Bellet, Pierre, Daniel, publiciste français, né à Saint-Julien-de-l’Escap (Charente-Inférieure) le 30 juillet 1864*, décédé à Maisons-Laffitte le 11 octobre 1917.
Membre de très nombreuses sociétés savantes, auteur d’un premier volume publié chez Alcan et intitulé Les Grands ports maritimes de commerce, Bellet, avant l’Affaire, collaborait aussi à de nombreuses revues : La Nature, Le Journal de la jeunesse, Les Annales économiques, Le Magazine français illustré, Le Magasin pittoresque, Le Musée des familles, Le Génie civil, Le Journal de l’agriculture, La Vie scientifique, la Revue universelle des inventions nouvelles, Le Génie moderne, Le Journal des voyages, L’Économie française, Le Moniteur maritime, La Science illustrée, La Souveraineté nationale, Le Journal des économistes, etc. C’est en donnant pour titre sa collaboration à cette dernière publication qu’après la seconde condamnation de Dreyfus, il avait écrit au colonel Jouaust pour lui dire qu’il « serai[t] très obligé à Monsieur le président du conseil de guerre de vouloir bien transmettre [s]es hommages aux deux, officiers ayant voté l’acquittement » (« L’affaire Dreyfus », Le Siècle, 7 octobre 1899). Auparavant, il avait écrit à Lucie Dreyfus à trois reprises : en septembre 1898, au lendemain de la mort d’Henry, pour lui dire son soutien et lui faire savoir qu’il était de ces « cœurs [qui] battent des mêmes angoisses que votre cœur meurtri » (5 septembre 1898). Puis à nouveau au début de février 1899, au lendemain de la discussion à la Chambre de la loi de dessaisissement :
La France tient décidément à se déshonorer complètement, et elle applaudit ce Président de la République, ce Président du Conseil, ce soi-disant Ministre de la Justice qui la font descendre dans la boue, pour cacher leur participation au moins passive dans le crime le plus honteux qu’on puisse imaginer.

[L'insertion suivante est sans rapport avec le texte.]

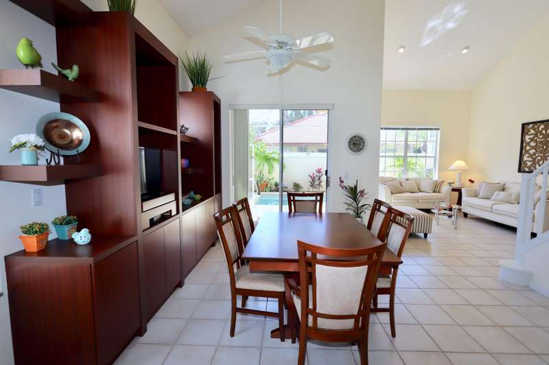 A perfect SEASONAL / OFF-SEASON rental. Meticulously kept 3 bedroom 2.1 bath home in the double gated community of Monterey Pointe. The Master bedroom is on the ground floor. Private location with private pool, screened lanai, generator, office on ground floor and two guest bedrooms plus bath upstairs. Granite kitchen. There is also a community pool. As this is a corner property it is further enhanced by additional windows allowing for natural light to abound! This is the place to be in the SEASON or the OFF SEASON...great restaurants and summer specials! NO SMOKING!

J’éprouve une joie âpre à voir avec quelle justice vengeresse on juge au dehors ces hommes néfastes et la lâcheté de mes compatriotes mais ce n’est point tout cela qui vous rend le pauvre martyr dont je viens de lire les lettres.

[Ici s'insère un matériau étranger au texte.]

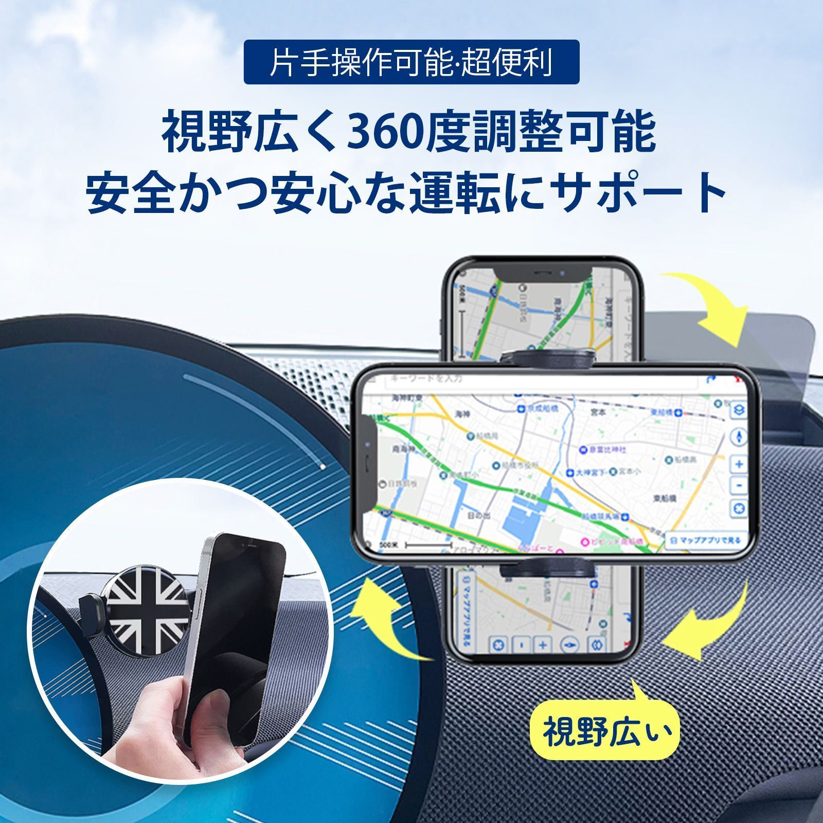 【取り付け簡単】ミニクーパー専用スマホホルダーのインストール場所:円形ディスプレイの背面。片手でアクセスでき、取り付けも簡単です。360度回転可能で、インストール方法についてはビデオの指示に従ってください。サイズが4インチから6.9インチのスマートフォンや電子機器に適しています。

Que pouvons-nous, au milieu de cette tourbe de gens sans aucun sens de ce qui est droit ni de ce qui est inique ? Et, me désespérant dans mon impuissance, c’est un soulagement pour moi et pour ma femme que de vous dire que nous souffrons avec vous. (13 février 1899).

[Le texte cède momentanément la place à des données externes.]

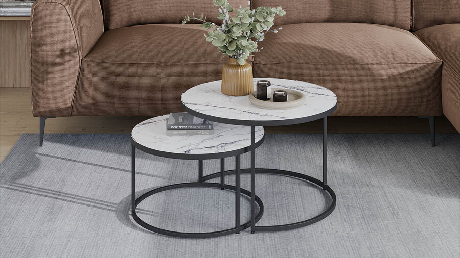 Стол журнальный «Вега» Черный, Стекло белый мрамор

Et enfin, en septembre suivant, au lendemain du verdict de Rennes : « Honnêtes gens indignés nouvelle monstrueuse iniquité abandonneront pas lutte » (9 septembre 1899).
Nous n’avons guère retrouvé dans ses articles – la vulgarisation scientifique s’y prêtant peu – de mentions de l’Affaire, à l’exception toutefois, dans Le Journal des économistes d’octobre 1899, de ce petit paragraphe à l’ironie mordante donné en introduction au compte rendu de l’ouvrage de Persifor Frazer intitulé : Des Faux en écriture et de l’écriture. Méthode scientifique nouvelle d’analyse et d’examen (Guillaumin et Cie) :
Nous ne sommes plus heureusement à l’époque où un juge osait dire, sans doute pour faire comprendre la puissance plutôt que la majesté de la justice : « donnez-moi deux lignes de l’écriture d’un homme et je me charge de le faire pendre ». Les temps ont marché depuis lors, la Révolution, la grande Révolution et ses immortels principes sont passés par là, ils sont même si bien passés, qu’on les perd quelque peu de vue. Et certains de nos tribunaux, faisant mieux que leurs devanciers, condamnent un homme sur deux lignes (ou même davantage) d’une écriture qui n’est pas la sienne, qui est reconnue par la plus haute juridiction civile et militaire de notre pays comme étant celle d’un autre. On conviendra qu’en semblable occurrence une méthode nouvelle et scientifique d’analyse et d’examen de l’écriture doit être la bienvenue de tout le monde, surtout si elle permet aux juges de s’instruire sur la manière d’attribuer scientifiquement aux gens gênants l’écriture de leur voisin. (« Comptes rendus »).
Par la suite, Bellet publiera de nombreux ouvrages, collaborera plus que jamais à une impressionnante multitude de titres de presse et enseignera à l’École des sciences politiques, à l’École des hautes études commerciales, à l’École commerciale de la rive gauche et aux Écoles normales de Versailles.
Sources et bibliographie : on consultera aussi son dossier de la Légion d’honneur sous la cote : LH/171/37. Ses lettres à Lucie sont conservées au Musée de Bretagne (la deuxième est du 13 et non 18 comme le dit la notice).